Technique Updated 2026-04
Synthetic Data
Definition
Synthetic data is data artificially generated by algorithms or AI models, designed to reproduce the statistical properties of real data without containing personal information.
See also in the glossary
G
Generative AI
Generative AI refers to artificial intelligence systems capable of creating original content: text, images, video, audio, code.
F
Fine-tuning
Fine-tuning is the process of retraining an existing AI model on a specific dataset to adapt it to a particular domain or task.
M
Machine Learning
Machine Learning is a branch of AI where systems learn from data to improve their performance without being explicitly programmed for each task.
D
Deep Learning
Deep Learning is a subset of Machine Learning using multi-layered neural networks to learn complex representations from raw data.
L
LLM (Large Language Model)
An LLM is an AI model trained on billions of texts, capable of understanding and generating human language.
R
RLHF (Reinforcement Learning from Human Feedback)
RLHF is a training technique that uses human feedback to align an LLM's behavior with user expectations.
Tools that use synthetic data
Frequently Asked Questions
Can synthetic data replace real data?
Not entirely. Synthetic data is a powerful complement to real data: it fills gaps, increases diversity and respects privacy. But a model trained solely on synthetic data risks model collapse — grounding in reality is always needed.
How is synthetic data generated?
Several methods exist: LLMs like ChatGPT or Claude for structured text, GANs for images, diffusion models, physics simulators, and classic statistical techniques like SMOTE for tabular data.
What are some examples of synthetic data?

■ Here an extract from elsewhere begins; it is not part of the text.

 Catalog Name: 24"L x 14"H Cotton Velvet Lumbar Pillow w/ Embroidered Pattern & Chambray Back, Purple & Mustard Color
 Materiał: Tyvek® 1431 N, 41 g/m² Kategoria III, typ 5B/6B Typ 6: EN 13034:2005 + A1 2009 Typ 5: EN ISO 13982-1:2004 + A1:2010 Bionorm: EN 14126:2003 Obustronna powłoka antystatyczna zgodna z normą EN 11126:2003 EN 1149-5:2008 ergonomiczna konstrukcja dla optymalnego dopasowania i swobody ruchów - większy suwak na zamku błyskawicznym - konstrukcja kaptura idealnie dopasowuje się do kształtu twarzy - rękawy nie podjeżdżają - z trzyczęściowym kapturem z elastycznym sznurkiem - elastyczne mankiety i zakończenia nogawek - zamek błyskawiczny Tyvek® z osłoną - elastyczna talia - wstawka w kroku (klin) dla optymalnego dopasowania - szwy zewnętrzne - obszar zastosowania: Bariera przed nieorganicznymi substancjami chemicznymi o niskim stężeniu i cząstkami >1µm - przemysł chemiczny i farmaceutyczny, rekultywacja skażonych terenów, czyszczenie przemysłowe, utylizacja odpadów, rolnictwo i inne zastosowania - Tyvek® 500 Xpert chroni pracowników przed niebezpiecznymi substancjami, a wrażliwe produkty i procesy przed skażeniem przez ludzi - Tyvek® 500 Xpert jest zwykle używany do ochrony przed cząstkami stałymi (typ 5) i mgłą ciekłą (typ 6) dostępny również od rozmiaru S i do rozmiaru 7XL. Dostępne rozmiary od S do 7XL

Common examples include AI-generated faces from GANs (as on thispersondoesnotexist), simulated driving footage for autonomous-vehicle training, fake-but-realistic patient records that preserve medical statistics without real identities, fraudulent-transaction samples balancing a fraud-detection dataset, and Q&A pairs written by LLMs like ChatGPT or Claude to fine-tune smaller models. Each mimics real data's statistical properties without exposing actual people.

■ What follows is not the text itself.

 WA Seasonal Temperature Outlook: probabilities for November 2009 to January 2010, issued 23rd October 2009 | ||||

Can ChatGPT generate synthetic data?
Yes. ChatGPT is widely used to generate synthetic text data: structured Q&A pairs, sample conversations, labeled examples, and even mock tabular records in CSV or JSON. It excels at producing varied, instruction-following samples for fine-tuning or testing. The main caveats are factual hallucinations and limited diversity, so generated data should be validated and deduplicated before use in training.
What is the difference between synthetic data and real data?
Real data is collected from actual events, observations, or people. Synthetic data is generated by algorithms or AI models to imitate real data's statistical patterns without describing any real individual. Real data carries ground-truth accuracy but raises privacy, cost, and scarcity issues. Synthetic data is cheaper, privacy-safe, and scalable, but only as good as the model and assumptions behind it.
What are the main types of synthetic data?
Synthetic data is usually grouped by modality: text (LLM-generated conversations, Q&A, labels), images and video (GANs and diffusion models producing faces, scenes, objects), and tabular data (financial or medical records made with VAEs, CTGAN, or SMOTE). A further split is fully synthetic (no real records), partially synthetic (sensitive fields replaced), and hybrid datasets mixing real and generated samples.
Does synthetic data actually work?
Yes, when used correctly. Synthetic data demonstrably improves models in data augmentation, privacy-preserving sharing, and rare-event coverage, and leading labs use it heavily for post-training. It works best as a complement to real data, not a full replacement: training only on synthetic outputs risks model collapse, where quality and diversity degrade. Validation against real-world metrics is essential.
Who uses synthetic data?
Major AI labs and regulated industries. OpenAI uses synthetic data heavily for post-training, and Meta AI documented it in Llama's training. Banks and insurers use it to share data without exposing customers, healthcare teams to model rare conditions under privacy law, and automotive firms to simulate edge-case driving scenarios. Hugging Face hosts open synthetic datasets like Cosmopedia for transparent research.
How realistic is synthetic data?
It varies. Well-built synthetic data can match real distributions closely enough that models trained on it perform comparably, and modern GANs or diffusion models produce near-photorealistic images. But realism is bounded by the source model and method: synthetic data can miss rare correlations, inherit training biases, or look plausible while being subtly wrong. Fidelity is measured with statistical similarity and downstream-task metrics.
Is ChatGPT trained on synthetic data?
Partly. OpenAI has not published its full data recipe, but it openly uses synthetic data in post-training: outputs from stronger models help align and refine newer ones through techniques like distillation and reinforcement learning from AI feedback. The pretraining corpus remains predominantly real web text, with synthetic data layered in for instruction-following, reasoning, and safety tuning rather than replacing real data wholesale.